On Sep 20, 2011, at 03:46 , Pranav Prakash wrote:

> I managed to resolve this issue. Turns out that the issue was because of a
> faulty XML file being generated by ruby-solr gem. I had to install
> libxml-ruby, rsolr and I used rsolr gem instead of ruby-solr.
> 
> Also, if you face this kind of issue, the test-utf8.sh file included in
> exampledocs is a good file to test Solr's behavior towards UTF-8 chars.
> 
> Great wok Solr team, and special thanks to Erik Hatcher.
> 
> *Pranav Prakash*
> 
> "temet nosce"
> 
> Twitter <http://twitter.com/pranavprakash> | Blog <http://blog.myblive.com> |
> Google <http://www.google.com/profiles/pranny>
> 
> 
> On Mon, Sep 19, 2011 at 15:54, Pranav Prakash <pra...@gmail.com> wrote:
> 
>> 
>> Just in case, someone might be intrested here is the log
>> 
>> SEVERE: java.lang.RuntimeException: [was class
>> java.io.CharConversionException] Invalid UTF-8 middle byte 0x73 (at char
>> #66641, byte #65289)
>> at
>> com.ctc.wstx.util.ExceptionUtil.throwRuntimeException(ExceptionUtil.java:18)

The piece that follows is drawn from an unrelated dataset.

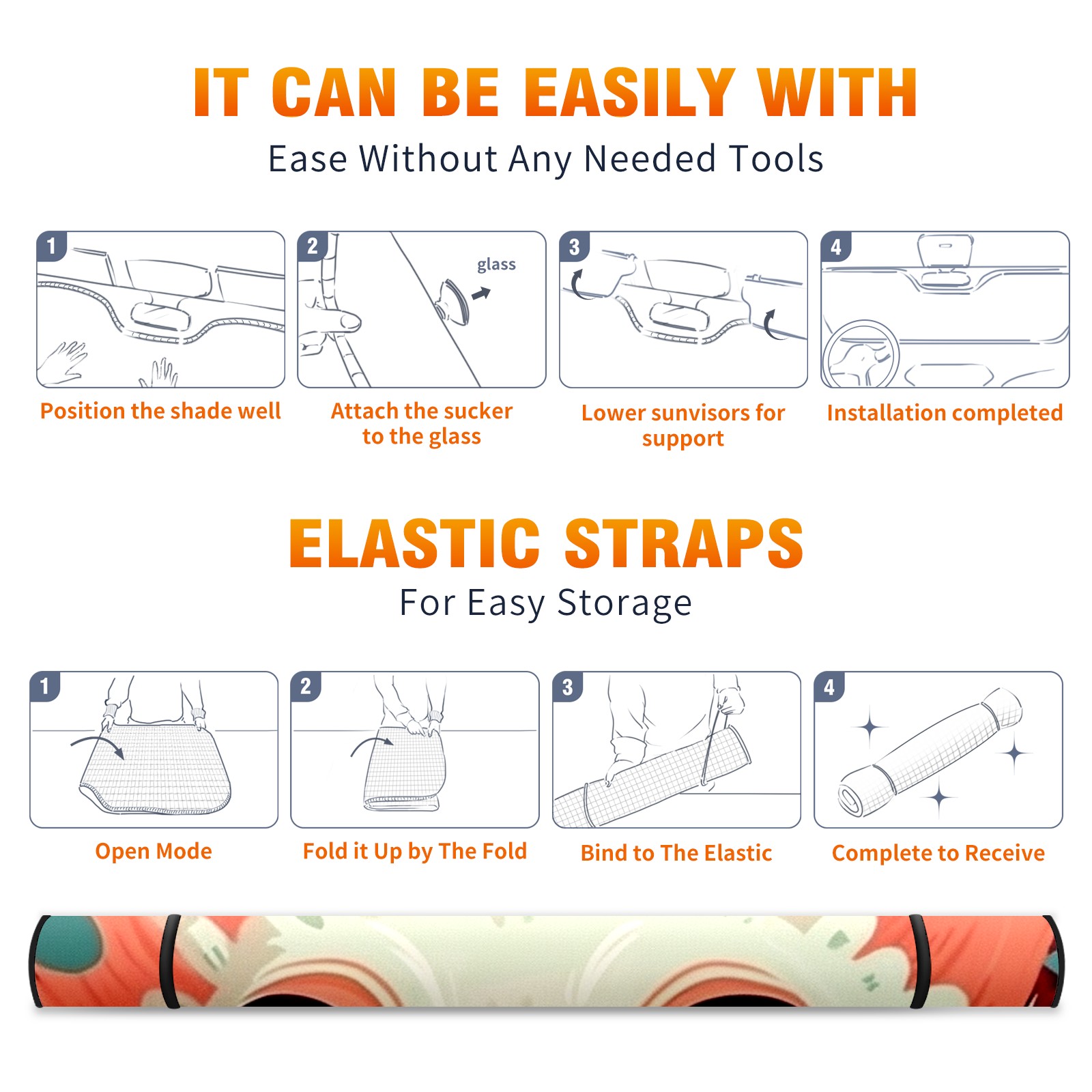 • Diameter /Size 63"L x 33.5"W Made from excellent materials which makes it sturdy and protects the car from the sun. Easy to use and pack. Makes the interior of the car cooler.You can easily stash the sunshade in the storage bag or store long term.It open and closes easy. Also the leather storage bag is durable and easy to put the umbrella back into.This windshield sunshade provides complete coverage and keeps your car interior cool under direct sun. It is easy to open and position under the windshield and around the rear-view mirror. Makes Your Car Easy To Identify, Perfect For Finding Your Car In Crowded Parking Lots And Garages.Great Choice: It Is A Great Gift For Dad, Boyfriend, Brother, Brother And Uncle, Friends, Classmates, Family And So On. Notice: Due To Difference Computer Monitors, The Color Maybe Slightly Different From Picture. As Different Measurement Methods, Measurement Data Will Float Within 2%.I Hope You Understand. If You Have Any Question About The Item Please Do Not Hesitate To Contact Us Immediately And We Will Give You A Satisfactory Reply Within 24 Hours.

>> at com.ctc.wstx.sr.StreamScanner.throwLazyError(StreamScanner.java:731)
>> at
>> com.ctc.wstx.sr.BasicStreamReader.safeFinishToken(BasicStreamReader.java:3657)
>> at com.ctc.wstx.sr.BasicStreamReader.getText(BasicStreamReader.java:809)
>> at org.apache.solr.handler.XMLLoader.readDoc(XMLLoader.java:287)
>> at org.apache.solr.handler.XMLLoader.processUpdate(XMLLoader.java:146)
>> at org.apache.solr.handler.XMLLoader.load(XMLLoader.java:77)
>> at
>> org.apache.solr.handler.ContentStreamHandlerBase.handleRequestBody(ContentStreamHandlerBase.java:67)
>> at
>> org.apache.solr.handler.RequestHandlerBase.handleRequest(RequestHandlerBase.java:129)
>> at org.apache.solr.core.SolrCore.execute(SolrCore.java:1368)
>> at
>> org.apache.solr.servlet.SolrDispatchFilter.execute(SolrDispatchFilter.java:356)
>> at
>> org.apache.solr.servlet.SolrDispatchFilter.doFilter(SolrDispatchFilter.java:252)
>> at
>> org.mortbay.jetty.servlet.ServletHandler$CachedChain.doFilter(ServletHandler.java:1212)
>> at org.mortbay.jetty.servlet.ServletHandler.handle(ServletHandler.java:399)
>> at
>> org.mortbay.jetty.security.SecurityHandler.handle(SecurityHandler.java:216)
>> at org.mortbay.jetty.servlet.SessionHandler.handle(SessionHandler.java:182)
>> at
>> org.mortbay.jetty.handler.ContextHandler.handle(ContextHandler.java:766)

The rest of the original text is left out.